Nothing but the records, transcribed verbatim and stripped of images, should appear in the answer.

Start of Block

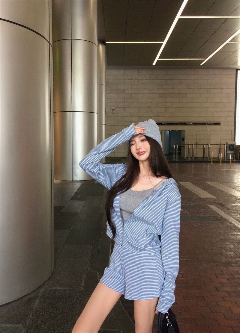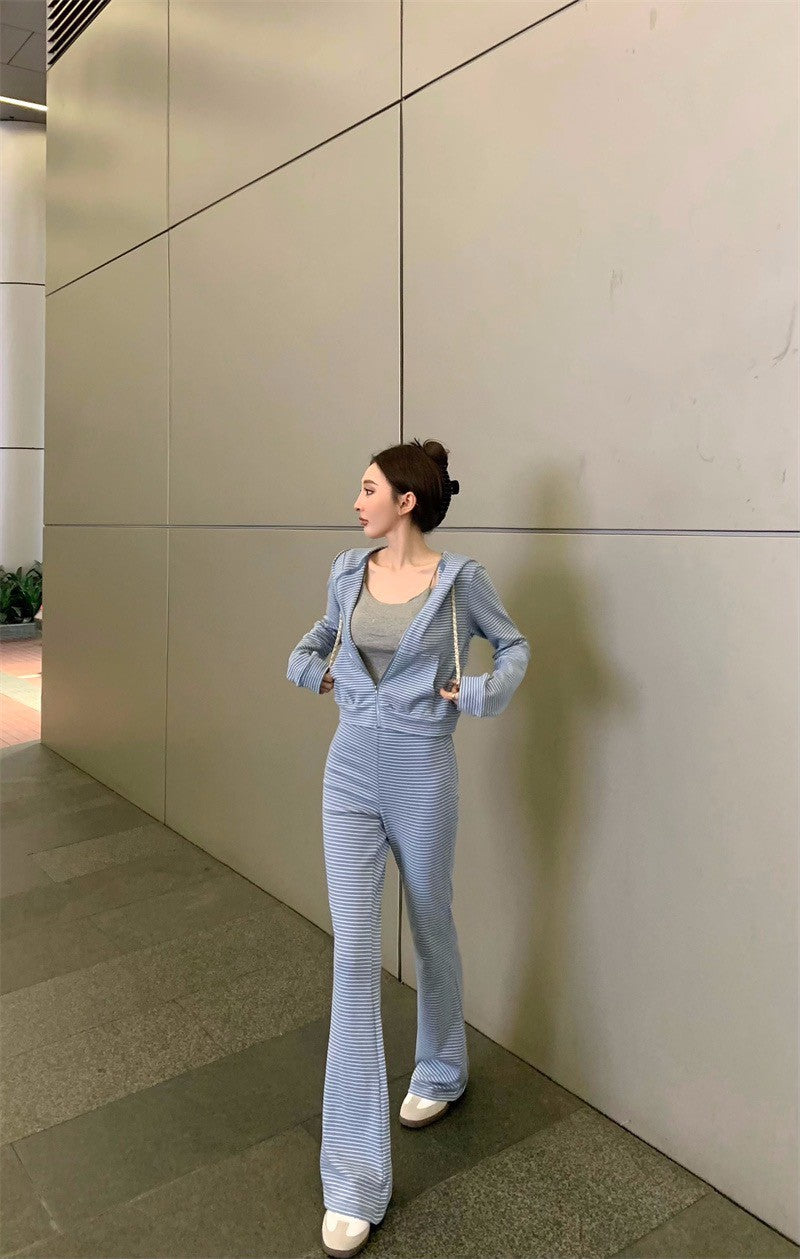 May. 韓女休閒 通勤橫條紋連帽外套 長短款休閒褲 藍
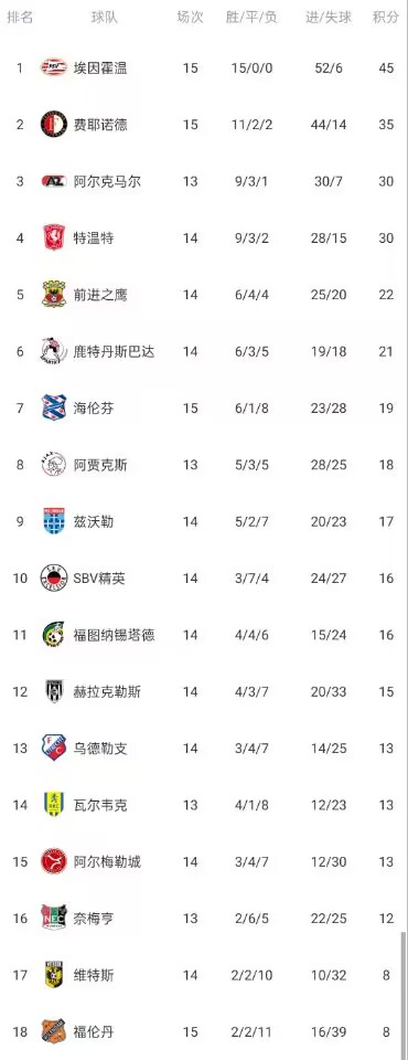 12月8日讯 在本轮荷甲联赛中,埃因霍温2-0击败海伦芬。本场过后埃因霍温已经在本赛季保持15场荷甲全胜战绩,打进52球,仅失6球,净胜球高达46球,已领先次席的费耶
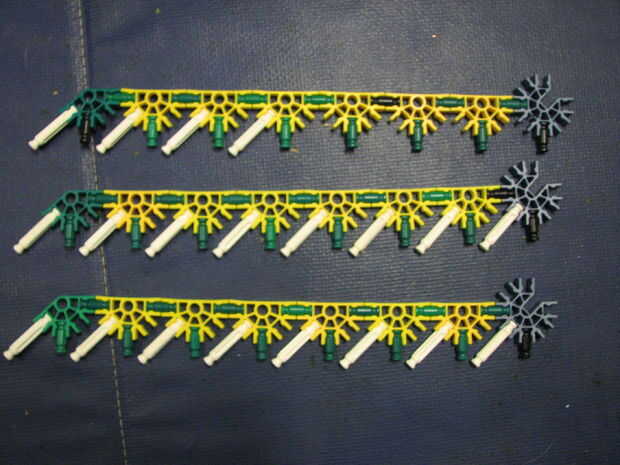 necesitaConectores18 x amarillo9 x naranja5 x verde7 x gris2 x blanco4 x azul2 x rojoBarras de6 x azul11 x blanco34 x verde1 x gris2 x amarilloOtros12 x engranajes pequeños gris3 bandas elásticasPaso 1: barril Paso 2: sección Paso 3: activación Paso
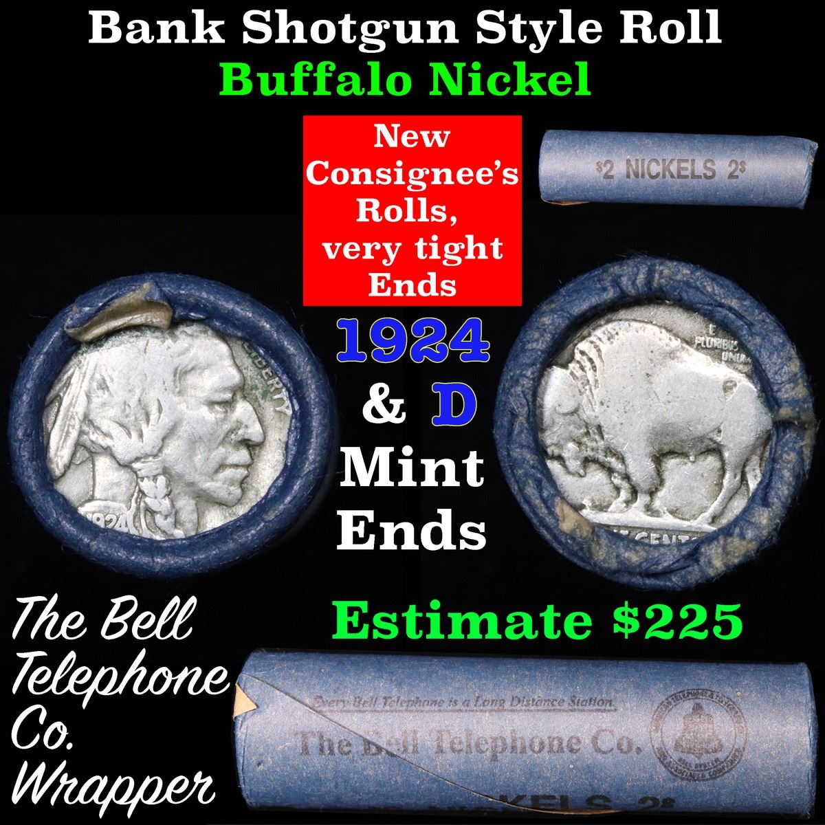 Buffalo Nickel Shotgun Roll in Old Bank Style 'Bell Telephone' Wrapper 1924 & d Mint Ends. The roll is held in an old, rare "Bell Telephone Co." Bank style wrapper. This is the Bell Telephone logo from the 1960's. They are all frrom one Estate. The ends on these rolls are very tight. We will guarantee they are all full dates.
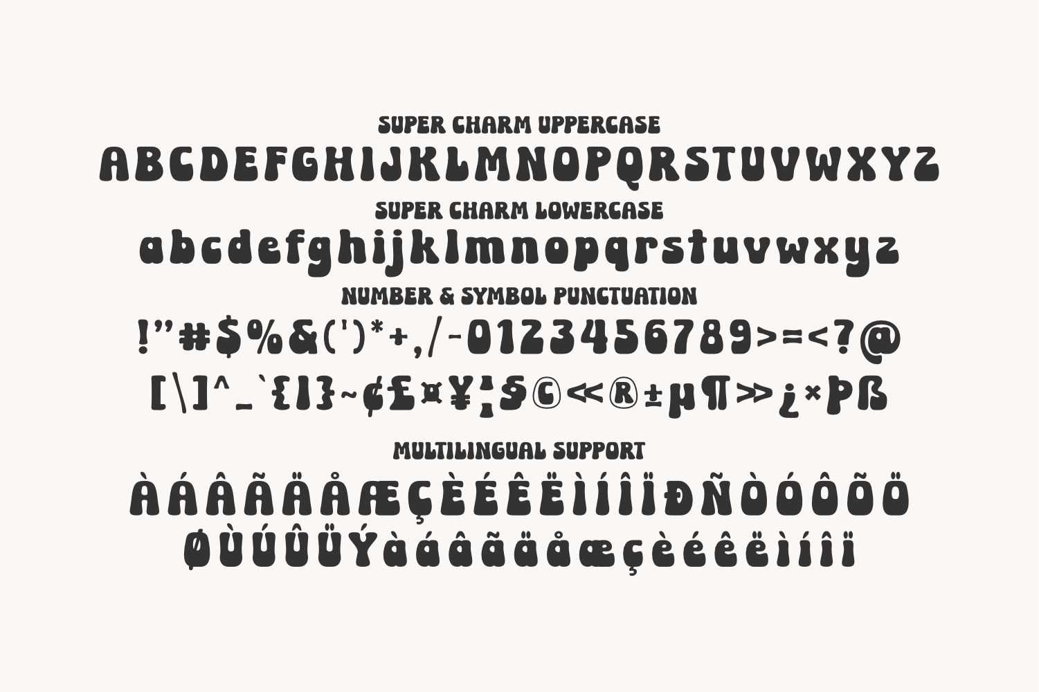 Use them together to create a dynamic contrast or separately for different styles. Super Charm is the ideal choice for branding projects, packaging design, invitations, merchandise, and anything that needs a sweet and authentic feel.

End of Block

- Finished exercise -
 May. 韓女休閒 通勤橫條紋連帽外套 長短款休閒褲 藍
 12月8日讯 在本轮荷甲联赛中,埃因霍温2-0击败海伦芬。本场过后埃因霍温已经在本赛季保持15场荷甲全胜战绩,打进52球,仅失6球,净胜球高达46球,已领先次席的费耶
 necesitaConectores18 x amarillo9 x naranja5 x verde7 x gris2 x blanco4 x azul2 x rojoBarras de6 x azul11 x blanco34 x verde1 x gris2 x amarilloOtros12 x engranajes pequeños gris3 bandas elásticasPaso 1: barril Paso 2: sección Paso 3: activación Paso
 Buffalo Nickel Shotgun Roll in Old Bank Style 'Bell Telephone' Wrapper 1924 & d Mint Ends. The roll is held in an old, rare "Bell Telephone Co." Bank style wrapper. This is the Bell Telephone logo from the 1960's. They are all frrom one Estate. The ends on these rolls are very tight. We will guarantee they are all full dates.
 Use them together to create a dynamic contrast or separately for different styles. Super Charm is the ideal choice for branding projects, packaging design, invitations, merchandise, and anything that needs a sweet and authentic feel.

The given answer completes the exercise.